Available data

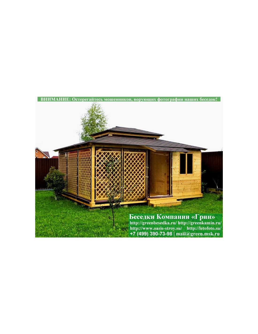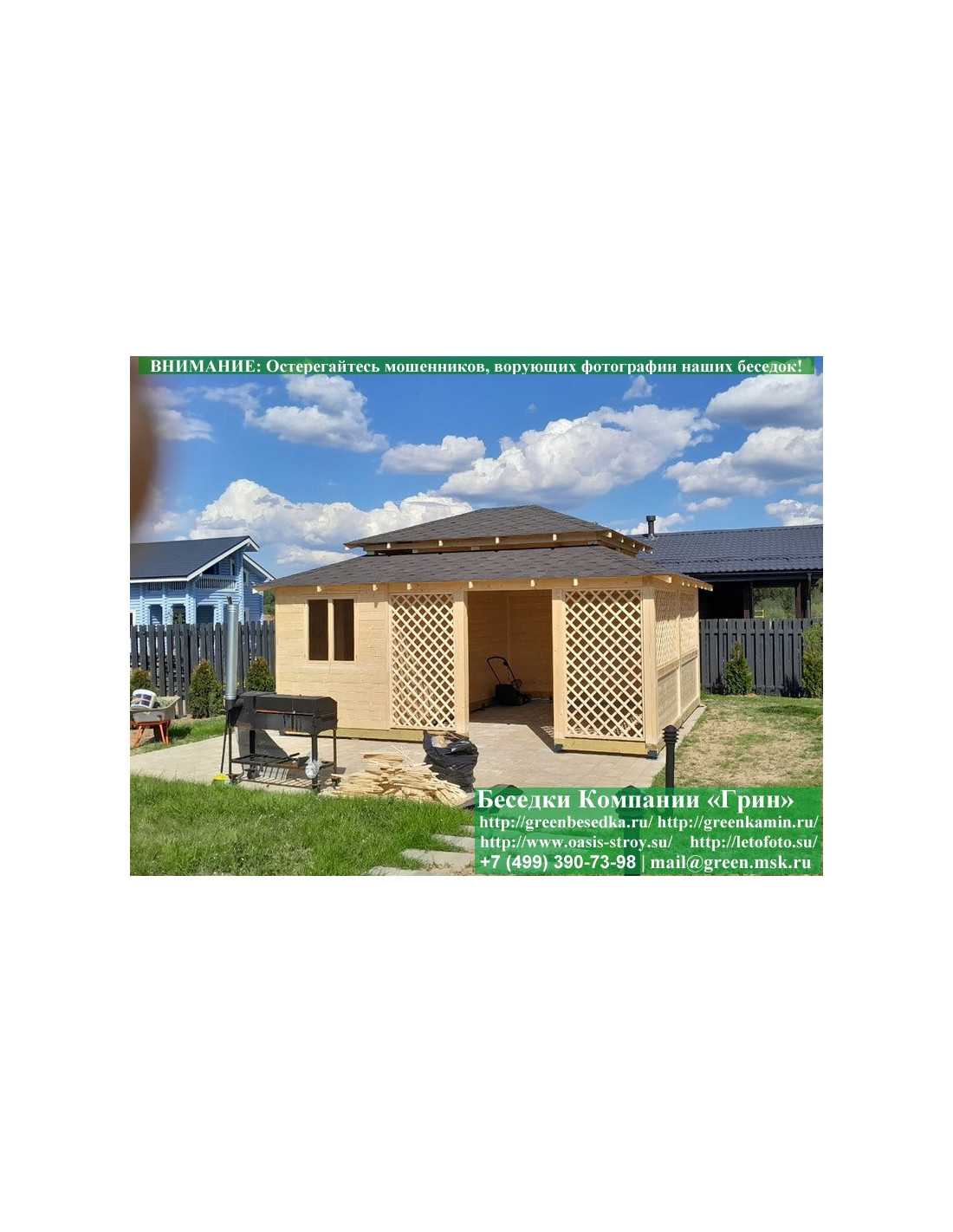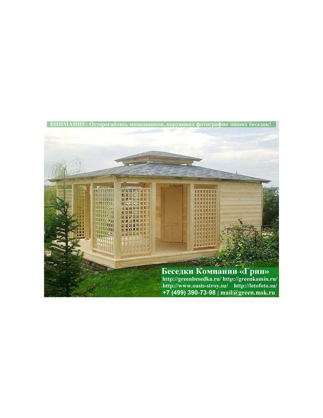 Беседка 5х6 метров. Двухъярусная или одноярусная крыша. 2 входа в беседку и 1 вход в хозблок. Одно не открывающееся окно:537 000 руб.
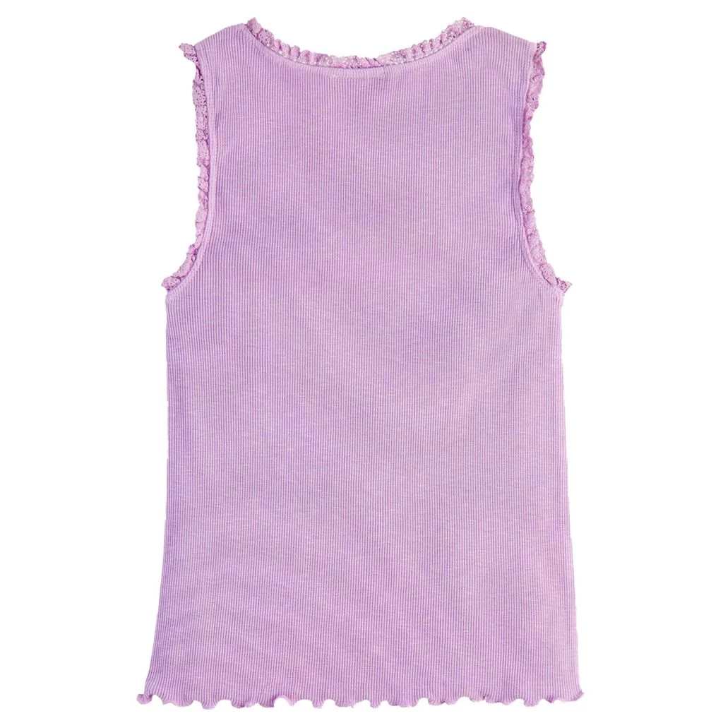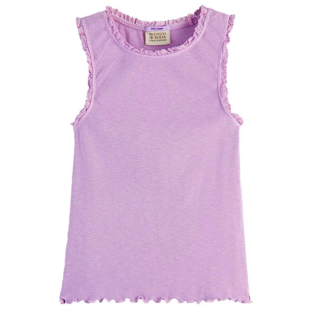 A cute and stylish look. Purple vest by Scotch & Soda. The top has a ribbed design. It has ruffle details.
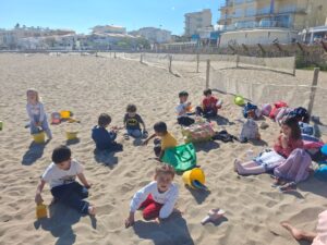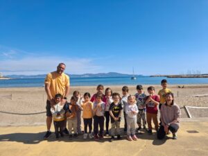 Primer de tot, vam baixar a la platja de Riells, on vam poder esmorzar i jugar a la sorra.

Task goal
Leave every picture out and copy precisely the lines from the one containing "A cute and stylish" through the last line of the data above, both ends included.

Response for this exercise
 A cute and stylish look. Purple vest by Scotch & Soda. The top has a ribbed design. It has ruffle details.
 Primer de tot, vam baixar a la platja de Riells, on vam poder esmorzar i jugar a la sorra.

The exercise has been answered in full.